Du’a for relief from Anxiety

It is recorded in Musnad Ahmad and Sahih Abu Hatim on the authority of ‘Abdullah bin Mas’ud that the Messenger of Allah ﷺ said, “Whoever was afflicted with grief and anxiety and says (see the following), Allah, the Exalted and Ever-Majestic, will remove his grief and will change his sorrow into happiness.” It was said, “O Messenger of Allah! (Do) we have to learn these words?” He said, “Yes, whoever hears them should learn them.”

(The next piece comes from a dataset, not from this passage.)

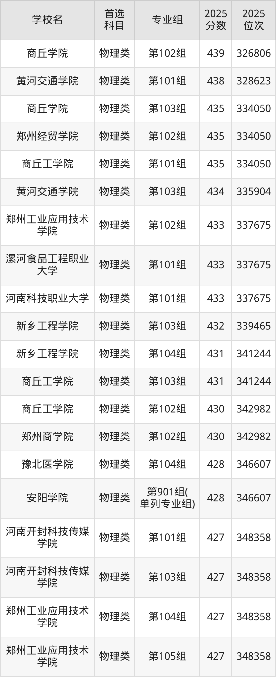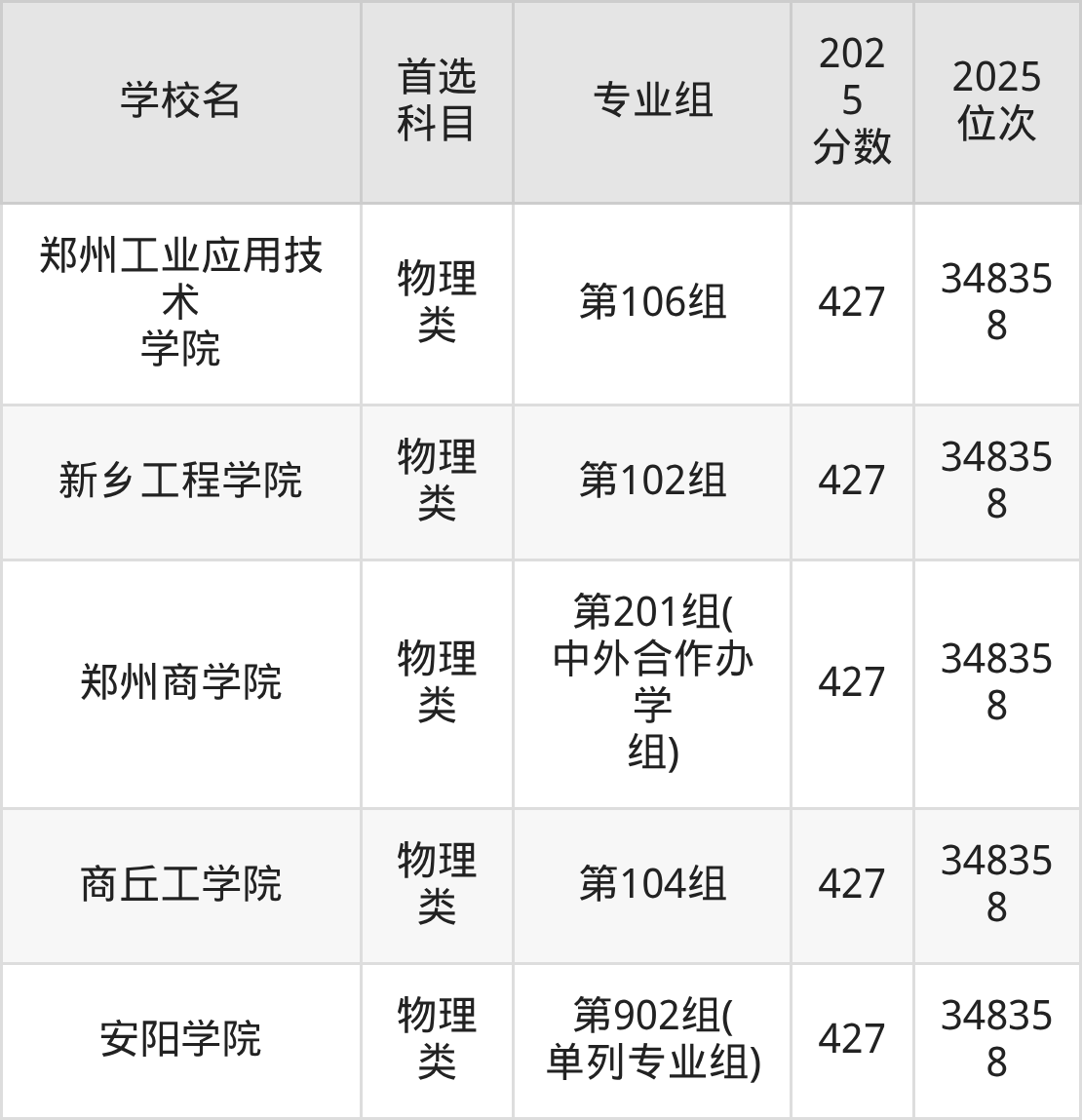 (3)鄭州商學(xué)院第201組(中外合作辦學(xué)組):427分、348358名;

للّهُـمَّ إِنِّي عَبْـدُكَ ابْنُ عَبْـدِكَ ابْنُ أَمَتِـكَ نَاصِيَتِي بِيَـدِكَ، مَاضٍ فِيَّ حُكْمُكَ، عَدْلٌ فِيَّ قَضَاؤكَ أَسْأَلُـكَ بِكُلِّ اسْمٍ هُوَ لَكَ سَمَّـيْتَ بِهِ نَفْسَكَ أِوْ أَنْزَلْتَـهُ فِي كِتَابِكَ، أَوْ عَلَّمْـتَهُ أَحَداً مِنْ خَلْقِـكَ أَوِ اسْتَـأْثَرْتَ بِهِ فِي عِلْمِ الغَيْـبِ عِنْـدَكَ أَنْ تَجْـعَلَ القُرْآنَ رَبِيـعَ قَلْبِـي، وَنورَ صَـدْرِي وجَلَاءَ حُـزْنِي وذَهَابَ هَمِّـي

O Allah, I am Your slave and the son of Your male slave and the son of your female slave. My forehead is in Your Hand (i.e. you have control over me). Your Judgment upon me is assured and Your Decree concerning me is just. I ask You by every Name that You have named Yourself with, revealed in Your Book, taught any one of Your creation or kept unto Yourself in the knowledge of the unseen that is with You, to make the Qur’an the spring of my heart, and the light of my chest, the banisher of my sadness and the reliever of my distress.